KS provides taxpayer-funded hotels to isolate COVID patients
The person wearing a hospital mask at the hotel’s front desk could be a social worker.
To get to your room, you might have to unzip a plastic curtain blocking the hallway.
You cannot have guests, and under no circumstances can you come and go as you please.
But your room is free, courtesy of the state of Kansas and the federal government.
So is the room service, three times a day. And snacks. And laundry service. And just maybe someone might bring you that special comfort food you crave when you’re sick.
The rooms are set up for Kansas residents who have been exposed to or have tested positive for COVID-19 and need a place to isolate. The Federal Emergency Management Agency subsidizes the program. The goal is to prevent people who have no other place to stay — and are not sick enough to need hospitalization — from spreading the virus.
It is not, say the people running the program, a vacation.

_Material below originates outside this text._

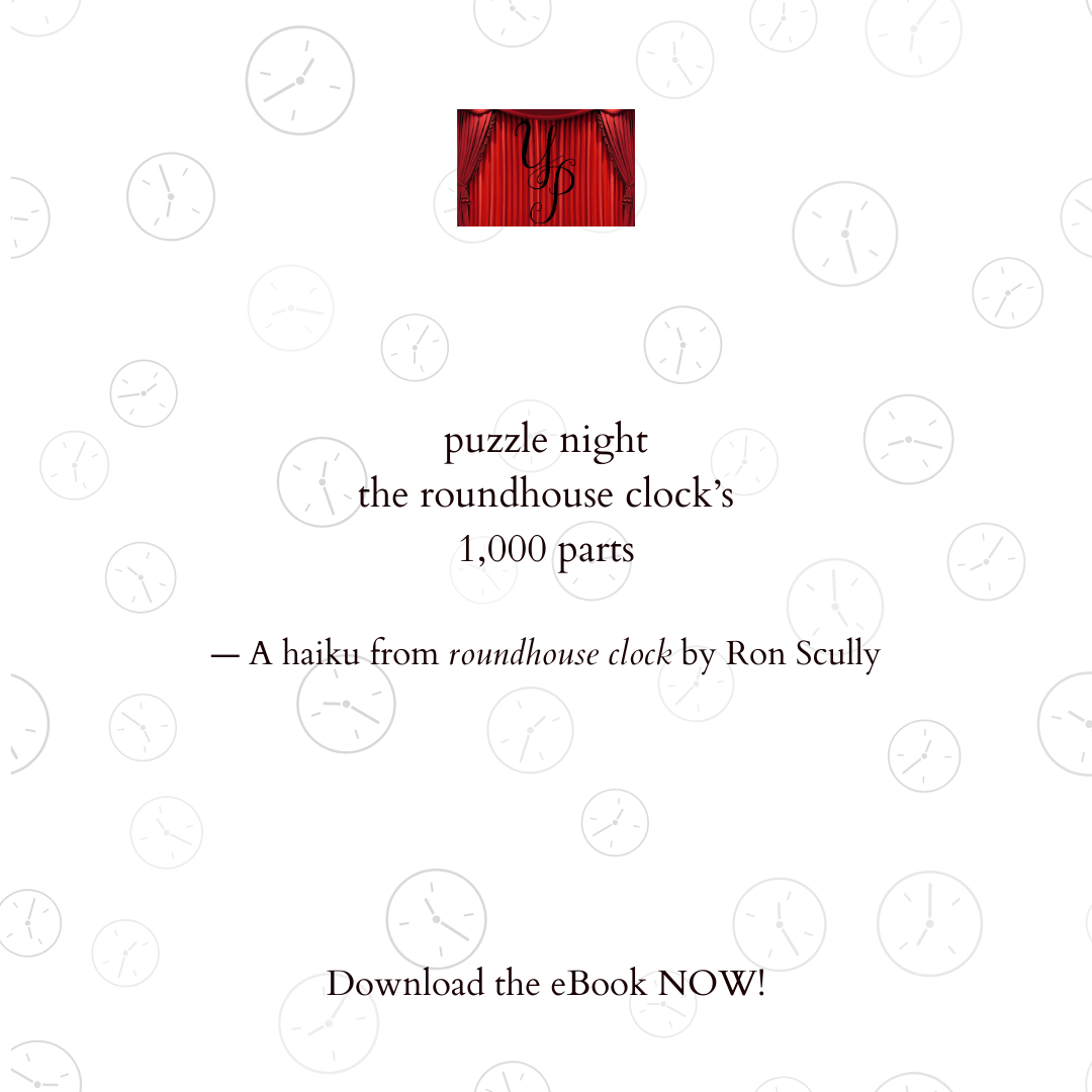 “Questions about time have persisted since, well, the beginning of time. Roundhouse Clock, the intriguing new book by Ron Scully, explores different aspects of time. You’ll learn that not only does the future create the past and the past contains the future, each moment holds a multiplicity of other moments. The author seamlessly weaves his storyline in a deceptively easy-going manner, using a variety of short-form poems. Once you may have thought time could stand still, but in fact, it’s eppur Si muovo.”

“They’re scared. They’re sick. They don’t know what’s going to happen. And they’re alone,” said Devan Tucking-Strickler of the Kansas Division of Emergency Management in Topeka.
“I’ve had a number of situations come up where the individual (said), ‘Can I please come and stay at the shelter and can I come quickly because my roommates are angry. They’re mad. They don’t want me in the house. They want me to leave. I’m not comfortable here.”
Yet the rooms have not been widely publicized, and the hotels often have a number of vacancies. The need, though, has grown in recent weeks. The state rents entire hotels and currently has three in the Kansas City area as well as in Salina, Liberal, Dodge City, Emporia and, most recently, Lawrence.
For some hotels, according to officials’ figures, the state pays, at minimum, $3,000 a day.
There are no such hotel rooms on the Missouri side of the metro area, though Kansas City and St. Louis are eligible, said a spokeswoman for the Missouri Department of Health and Senior Services.
Kansas has offered the program since April. Finding hotels to open their doors to these special guests was challenging. Officials won’t divulge which hotels across the state are being used, citing privacy issues.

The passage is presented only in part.